From: charlie strauss <cems_at_earthlink_dot_net>
Date: Fri Jan 26 2007 - 16:10:41 CST

-----Original Message-----
>From: Ron Crane <>
>Sent: Jan 26, 2007 4:39 PM
>To: charlie strauss <>, Open Voting Consortium discussion list <>
>Subject: Re: [OVC-discuss] [EILeg] [ei] Re: A 3-Step Audit Protocol w/ 99%confidence
>A related problem with the audit schemes is that their assurance factors
>rely upon the assumption that each precinct has the same probability of
>being miscounted.

Ron I think I follow what you say below, but your intial sentence I think can be easily miscontrued. That is it conflates two different phenomena.

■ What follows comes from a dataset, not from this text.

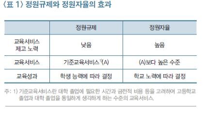 김 연구위원은 “대학들이 서로 경쟁해 더 많은 학생을 유치할 수 있다면 교육 서비스의 질을 높일 유인이 있으며, 교육성과도 이런 노력의 영향을 받을 것”이라며 “대학의 정원은 정부가 정책 수단으로 통제하기보다는 대학에 맡기는 것이 타당하다”고 말했다.
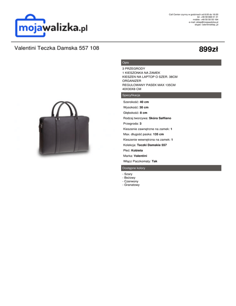 Call Center czynny w godzinach od 8:00 do 16:00 tel. +48 58 668 01 31 mobile: +48 50 50 50 164 e-mail: [email protected] skype: valentinisklep_pl 899zł Valentini Teczka Damska 557 108 Opis 3 PRZEGRODY 1 KIESZONKA NA ZAMEK KIESZEN NA LAPTOP O SZER. 38CM ORGANIZER REGULOWANY PASEK MAX 135CM 40X30X8 CM Specyfikacja Szerokość: 40 cm Wysokość: 30 cm Głębokość: 8 cm Rodzaj tworzywa: Skóra Saffiano Przegroda: 3 Kieszenie zawnętrzne na zamek: 1 Max. długość paska: 135 cm Kieszenie wewnętrzna na zamek: 1 Kolekcja: Teczki Damskie 557 Płeć: Kobieta Marka: Valentini Włącz Paczkomaty: Tak Dostępne kolory - Szary - Beżowy - Czerwony - Granatowy Powered by TCPDF (www.tcpdf.org)

First there is no assumption in the intended calcluation that each precint has the same probability of being miscounted. The intended compuation of how many precints to audit to achieve a certain statistical certaintly that a shift margin is above a specified level would be detected in the sample. If you don't agree with that then we need to hash this through as I'm fairly certain of what I'm saying.

Assuming that is what you really mean to say, Then there are two distinct conditions to consider
1) if the probability of a given machine (or whatever the integral counting unit is) is not uniform
2) if the machines have grossly different batch sizes (number of counts).

In the first case there is no problem at all. The aforementioned calculation even though one is selecting random samples uniformly still acheives the required certainty. end of story.

(Now if you happened to know something about how the non-uniformity was distributed you could in principle sample more cleverly and achieve an even tighter certainty. But you would never achieve a lower statistical certainty than the random sampled case.)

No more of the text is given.